4.18. One of the expected consequences of the introduction a threshold is that it tends to alter the behavioural pattern of criminals who want to launder their illegally derived proceeds. Such criminals will usually attempt to structure the transactions by means of which their criminal proceeds are placed in the financial system in order to avoid the threshold. In doing so they may perform transactions that do not make any economic sense at all and will therefore immediately appear suspicious. The persons upon whom the obligation to report rests, should be made aware of the possibility of structured transactions and should be obliged to report any suspicion of such transactions. Other suspicious transactions which may not fall within the category for which reporting is mandatory, are transactions that appear unnecessarily complex, unusual transactions or periodic transactions that form a peculiar pattern. In connection with such transactions suspicion-based reporting will have to compliment the mandatory reporting of certain types of transactions above a certain threshold. With regard to a reporting requirement in general, the responsibility of financial intermediaries will be to set up internal policies and procedures to enable them to comply with the legal requirements.

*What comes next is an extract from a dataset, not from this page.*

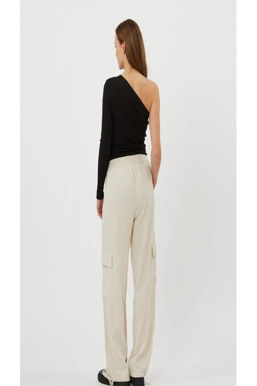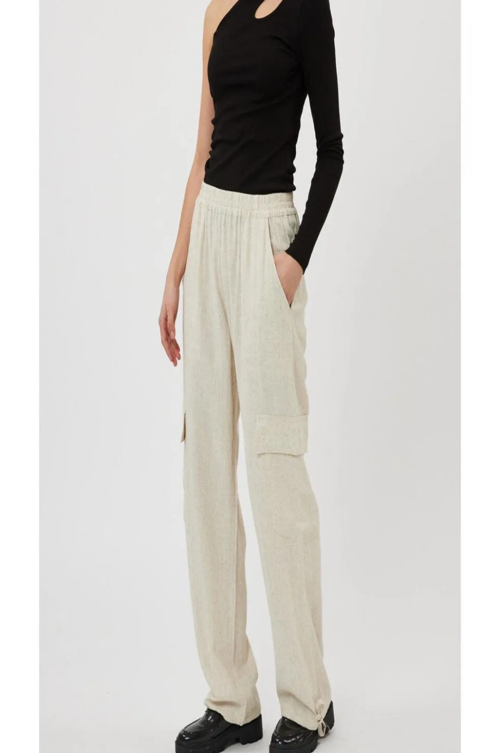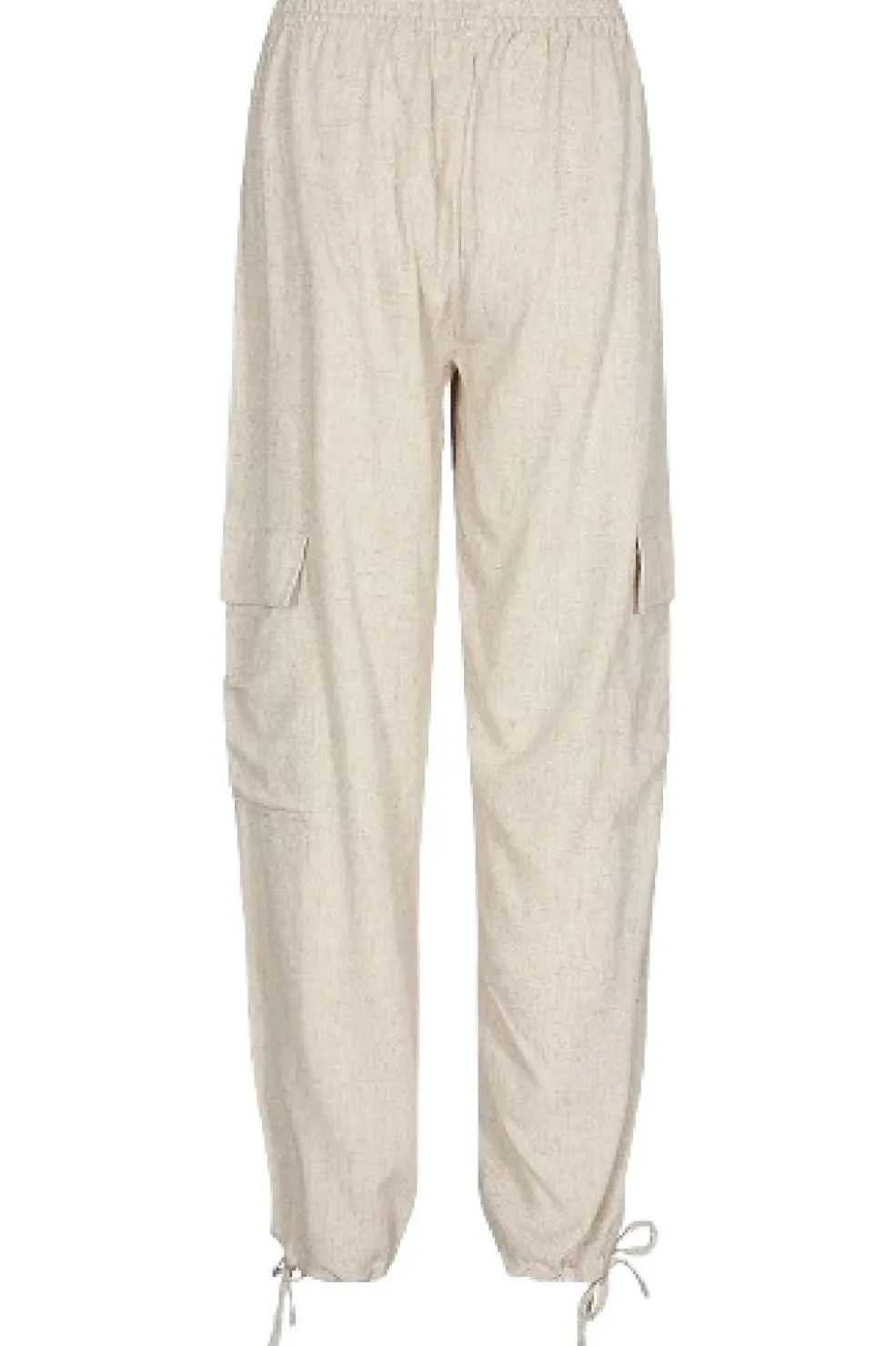Cargo-bukser fra Moves i sandfarvet viskose og linned. Bukserne har en løs pasform med elastisk talje og snøre, praktiske cargo-lommer og snøredetaljer ved anklerne.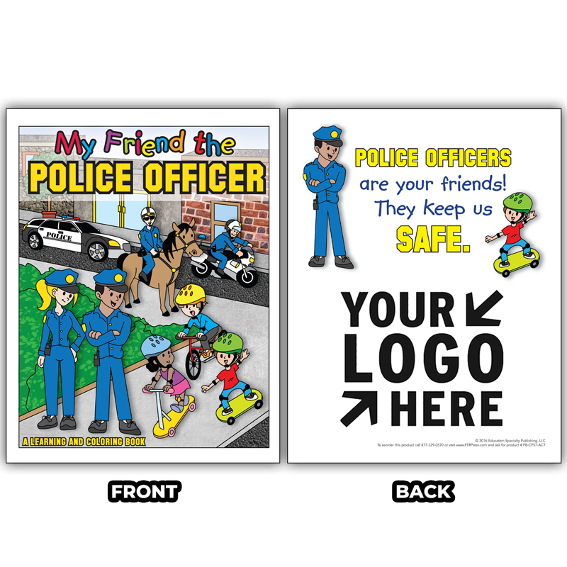 Educate kids about law enforcement, safety, and community values with these fun and engaging “My Friend the Police Officer” Coloring and Activity Books. This book provides a unique opportunity for young ones to learn about the role of officers, their responsibilities, as well as the importance of justice. By distributing these activity books, officers can engage with children in a positive and constructive manner. It allows them to build trust and create a friendly image within the community. As a result, kids see officers as approachable figures who care about their development and well being.

4.19. The types of transactions that should be reported are all transactions where amounts of cash exceeding the proposed threshold are transferred, all transactions where funds of any amount are electronically transferred across our borders, all transactions involving the import or export of amounts of cash exceeding the proposed threshold, all currency exchanges exceeding the proposed threshold and any transaction that appear suspicious regardless of the type of transaction.

4.20. The information that should be reported should be sufficient to enable investigating authorities to identify the person(s) involved in the transaction, the beneficiaries of the transaction and the nature of the transaction. Details of account numbers, the true holders of accounts (not their agents or nominees), the payee or beneficiary, the form of payments or transfers as well as the origin and destination of funds should be reported.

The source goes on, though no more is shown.